History

Iceland
- Name: Stanley
- Builder: Þórir Pálsson, Iceland
- Launched: c.1860
- Fate: Ran aground in 1908 and broke up
- Notes: First motorized fishing vessel in Iceland

General characteristics
- Class & type: Sexæringur (until 1902); Motorized Fishing Vessel (from 1902);
- Propulsion: 2 hp C.H. Möllerups

= Stanley (boat) =

Stanley was an Icelandic fishing boat. Originally a six oar rowboat (Icelandic: Sexæringur), it was the first boat in Iceland to be equipped with an engine. Its successful mechanization is considered the start of the industrial revolution of the fishing industry in Iceland.

==History==
Guðmundur Guðmundsson, a farmer in Eyri in Mjóifjörður, originally had the boat built for himself. The shipbuilder was Þórir Pálsson (1797–1886) and the boat was probably built before or around 1860. Around 1885 the boat went by the name Skálin and Guðmundur had a cabin in Bolungarvík which was called Skálarbúð. The naming was said to have come from the fact that Guðmundur treated boat as if it were a glass bowl (Icelandic: Skál) or porcelain. Þórir tested all the wood that was to be used in the boat by chopping a bit of it and put in water, and only using it if it floated well.

Árni Gíslason bought Skálin in 1890 from Guðmundur's son-in-law, Ebenezer Ebenezarson. After buying it, Árni renamed the ship Stanley.

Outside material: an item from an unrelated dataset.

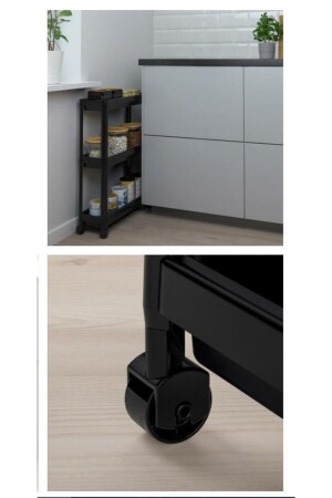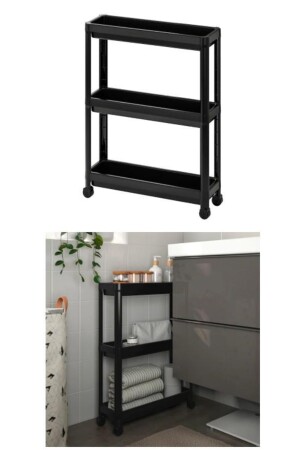 MNZ-متعدد الأغراض وحدة الرف 3 طبقات حمام المطبخ ذو عجلات نحيفة منظمة المنظمة Vesken أسود OMS3SLIMS

In 1902, Árni along with trader Sophus J. Nielsen, equipped the boat with a 2 hp engine from the Danish engine maker C.H. Möllerups. The boat was first launched from Ísafjörður with the engine on 25 November 1902. Despite initial doubts by many, the boats mechanization was a great success and soon much of the fishing fleet was mechanized. The boat's fishing went well until it ran aground in Borgarbót in Skötufjörður in 1908 and broke up. The boat was at that time owned by Bjarni Sigurðsson, a farmer in Borg.